The copy should hold exactly the lines below from the one that contains "塔樓的立面由一個外部斜肋定義" through the one that contains "27mm by 27mm. |" and nothing else, so no pictures.

*INFORMATION*:
********

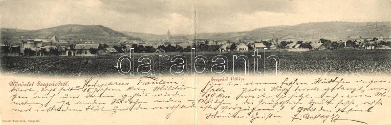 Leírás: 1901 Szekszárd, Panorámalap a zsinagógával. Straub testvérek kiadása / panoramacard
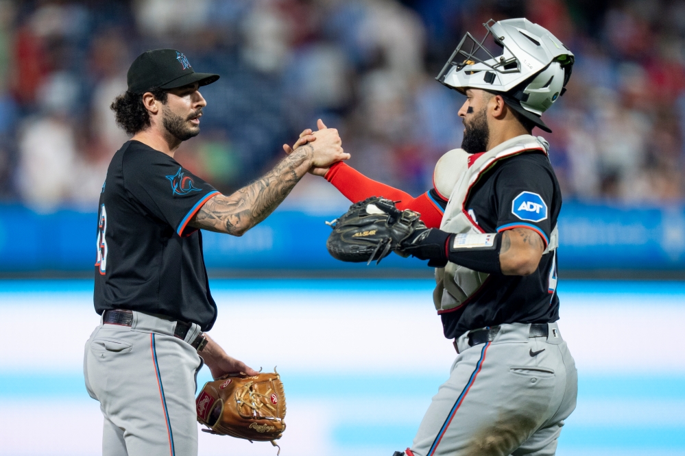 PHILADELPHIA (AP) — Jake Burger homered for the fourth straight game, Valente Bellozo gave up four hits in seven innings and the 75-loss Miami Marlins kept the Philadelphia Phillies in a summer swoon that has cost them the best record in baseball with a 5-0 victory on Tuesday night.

********

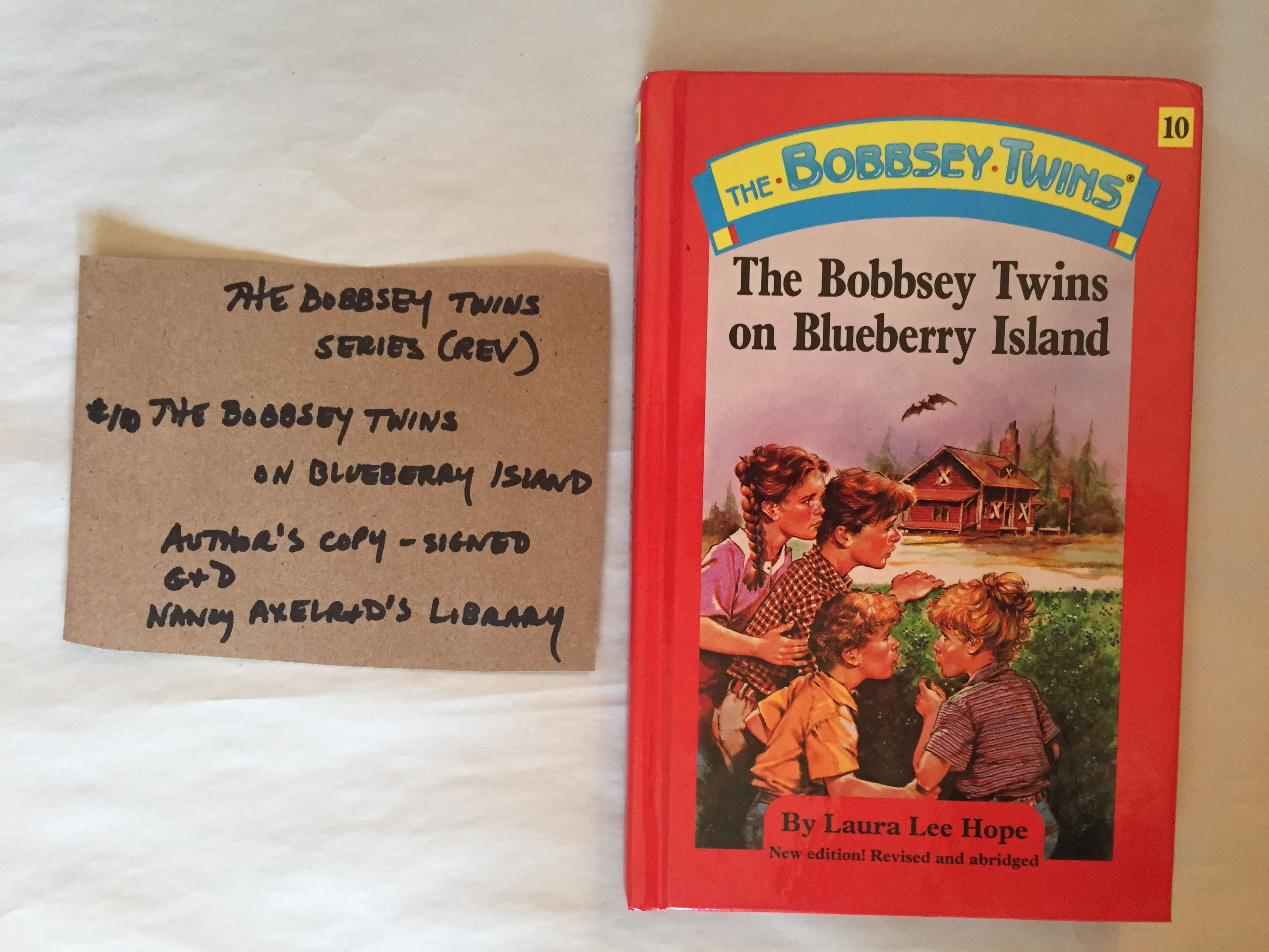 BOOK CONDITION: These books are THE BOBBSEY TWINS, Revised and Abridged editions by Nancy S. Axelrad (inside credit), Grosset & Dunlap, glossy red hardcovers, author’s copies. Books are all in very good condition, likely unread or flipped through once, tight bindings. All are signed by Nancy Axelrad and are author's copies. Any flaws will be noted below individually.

********

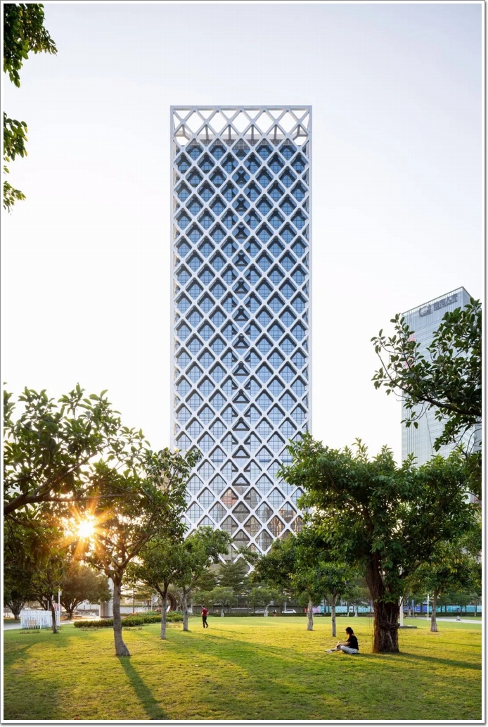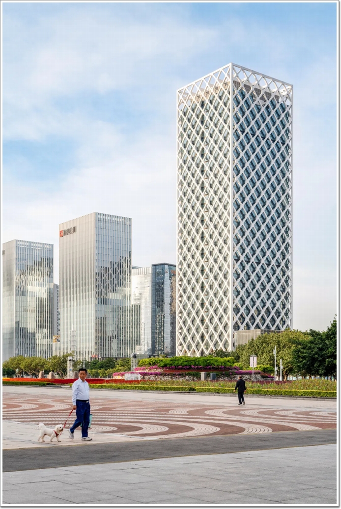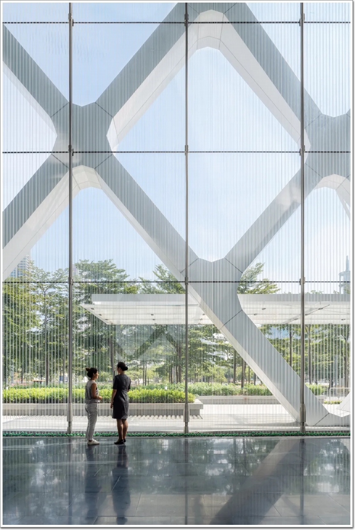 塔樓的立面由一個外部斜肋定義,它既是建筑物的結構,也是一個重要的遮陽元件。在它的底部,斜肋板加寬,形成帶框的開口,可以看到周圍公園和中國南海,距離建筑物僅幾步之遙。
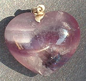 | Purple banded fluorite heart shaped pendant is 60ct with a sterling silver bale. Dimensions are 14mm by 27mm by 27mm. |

********

*EXPECTED ANSWER*:
 塔樓的立面由一個外部斜肋定義,它既是建筑物的結構,也是一個重要的遮陽元件。在它的底部,斜肋板加寬,形成帶框的開口,可以看到周圍公園和中國南海,距離建筑物僅幾步之遙。
 | Purple banded fluorite heart shaped pendant is 60ct with a sterling silver bale. Dimensions are 14mm by 27mm by 27mm. |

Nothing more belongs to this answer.